However, because the dog knew the scent, and the robot got there, and the robot knew the scent as well, the response is super early, and super fast, and the fight doesn't even take that long, and all together it prevents most of the possible damage to the little kingdom.

So a lot potentially hinges on your own personal vitality, and exactly which strain infects you. If the "smell" of the invaders isn't the same as before, the event will be BOTH more damaging AND take longer to deal with.


If you are healthy and the strains are close to what the vaccine targeted, then your average infection period will be like... half a day? Maybe 2 days?

Also, you will almost never notice it, because the metaphorical robots will kill the ninjas before there are enough ninjas to cause much damage to the countryside and form a ninja army to attack the lungs, or the brain, or whatever.

(Part of why covid is so freaking horrible is that it is infectious BEFORE the symptoms show up because the lab that created it probably used serial passage on humanized lab animals to make sure that the fit between the spike protein and human ACE receptors is very efficient. From the very beginning, in December, in Wuhan, it transmitted human-to-human BEFORE the fever starts, which means that the temp checking system that defeated Version 1 of SARS wasn't going to be good enough for this new version of SARS. If not for this detail, it wouldn't even be on my radar as a thing to worry about that you could pass covid during these quickly suppressed microinfections that vaccinated immune systems handle automatically all the time.)

HOWEVER ALSO, clinical studies of "people who are vaccinated but still somehow got sick" will therefore, over time, come to be based on either people who are sickly or who have new strains, or both.

(For example, like 20% of the US might be classified as some-kind-of-alcoholic, because even just 1 drink of alcohol wipes out a large percent of your immune cells for hours or days, and then your hematopoietic cells rebuild them at the cost of telomere shorting. Such people often have relatively wimpy immune systems, especially late in life.)

So if you're healthy and not exposed to brand new strains, the time during which you might be kinda infectious MIGHT be roughly 1.5 days in (while awesome robots kill the kind of ninjas they were programmed for)? Maybe less than 1.5 days? Maybe hours?

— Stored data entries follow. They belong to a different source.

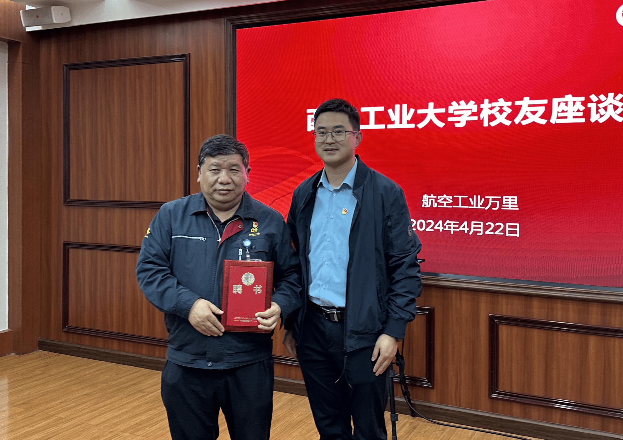交流座谈后,双方领导发表讲话。杨华表示,双方在科研项目合作、人才联合培养等方面合作基础深厚、关系紧密,希望未来双方以结对共建为契机,共同为航空事业发展贡献力量。易正阳表示,兰飞扎根西部、服务国防的精神与学校“总师型”人才特质高度契合,未来将通过组织学生赴兰参观学习、聘请校友思政导师等方式,服务“总师型”人才培养,希望双方在企业招聘、学生就业等方面持续强化合作,共育时代新人、服务行业发展。易正阳代表学院党委聘请优秀校友杨华担任学院“总师面对面”思政教育课外导师。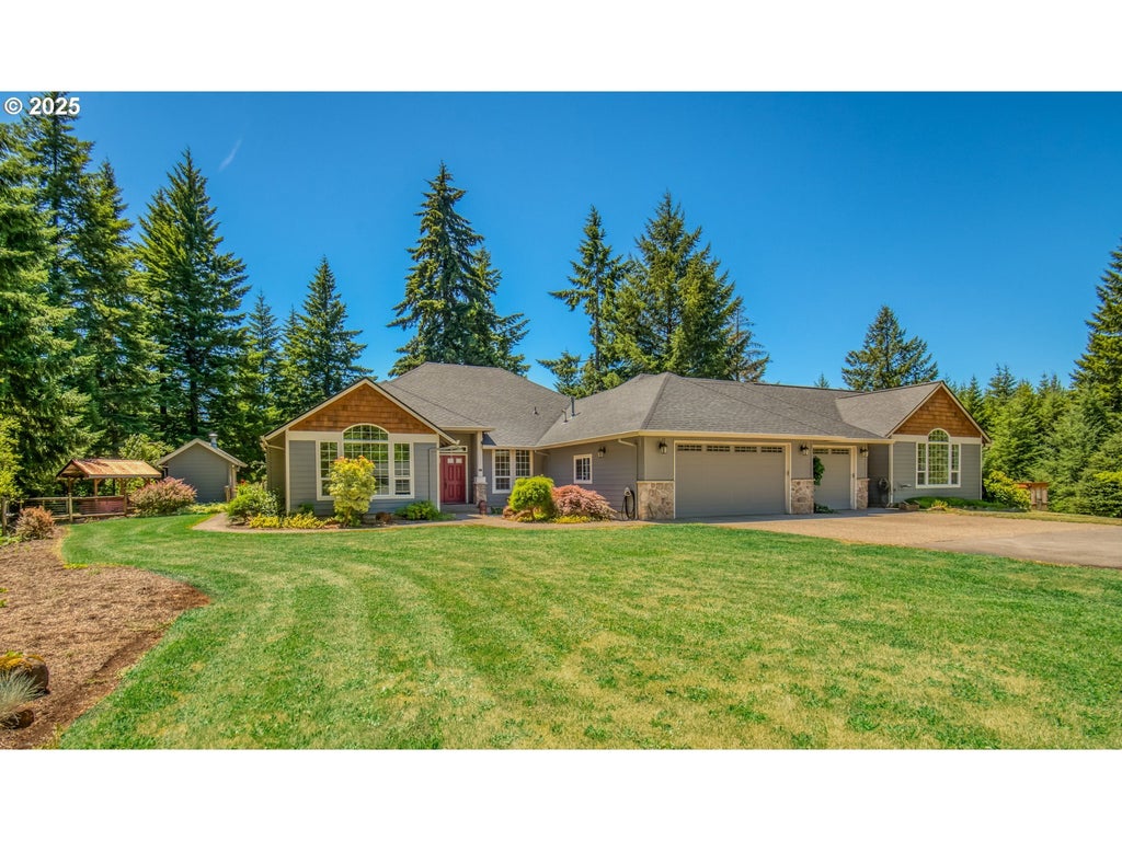Remarkable, and truly a rare find! Nestled on 20+ acres, this thoughtfully designed, custom-built masterpiece features a stunning one-level main home plus attached ADU with private entrance and includes all the bells and whistles. It's really two homes in one! The main home boasts an amazing floorplan and gorgeous details throughout. No expense was spared in the freshly remodeled quartz-island kitchen with top-of-the-line Viking appliances, updated doors, trim, flooring, plantation shutters and brand new 50yr roof. The ADU will impress with vaulted ceilings, large kitchen, ensuite primary, laundry room and entirely separate living. Outside you'll find an entertainer's dream; covered patio, wet bar, hot tub, expansive decks, outdoor dining and more. In-ground pool boasts outdoor hot/cold shower and Aquamatic hydraulic pool cover, keeping your pool clean and child-safe throughout the year. Extensive trail system with nearly 1 mile of meandering, groomed paths is ready for the outdoor enthusiasts and perfect for horses, dirt bikes or a relaxing stroll through your own private domain. Other features include 48x40 shop, 40x22 covered RV storage with hookups, extensive lean-tos, tool sheds, dog run/kennel, and backup generator panel. Easy commute through the quiet countryside with quick access to Hwy 26, and a short trip to shopping and major employers. Plus there's trash service and a school bus stop right at your driveway. With multiple outbuildings, mature trees, outstanding views and unparalleled privacy, this truly is your own slice of paradise. Come see it today!
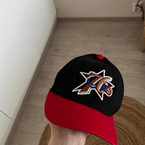 Todella siisti ja hyväkuntoinen Yupoong musta snapback-mallinen lippalakki, jonka edessä olevassa logossa on ristikkäiset pesäpallomailat, kirjaimet "S" ja "W", numero "0" sekä pääkalloaiheinen hahmo. Lippiksen edustassa esiintyvät merkit muodostavat lyhenteen OSW. Hatussa on suora lippa ja säädettävä kiinnitys takana.

(I have half-heartedly looked for evidence of vaccinated healthy people being "the only logically possible link in a transmission chain" and have not found much evidence of such things. My search was not thorough, however.)

BUT if you are exposed to newly antibody-escaping strains, or are just "not healthy in the first place", or both, then you could look at naive clinical studies (that might not be careful about admitting or explaining the straightforward theoretical implications of their sampling methods), to get a sense of how your own bad luck situation might play out.

If you are unlucky, then studies performed on other unlucky people could show a rough infection, amenable to therapeutic interventions, that occurs partly in a hospital where "data collection to power formal studies" is easier and cheaper to collect.


Long story short: assuming a healthy immune system, and no immune escape from a new virus variant, your infectious period is probably much shorter (or even essentially non-existent) after you are successfully vaccinated.

This might be wrong. These are just priors, and a general model. (HIV is an exception to this model that I already know about, for example.)

However, I think there are not many ways that (1) the model has an essentially broken structure with respect to the immune system in general or (2) covid has some additional specific wrinkle to its biology such that it routes around the normal immune responses.

If someone existed in a conversation with me, in a similar state of "working almost entirely from priors", and they put $10 at risk while I put $20 at risk, and they won my $20 if they found something on the internet that defeated my model or basic conclusions, but if they couldn't find anything definite within a couple hours I would win their $10... then I would accept the bet... and be happy to learn how I was wrong <3

On the open internet, "against all comers", bets work differently, and mean more. I'm not offering this bet here.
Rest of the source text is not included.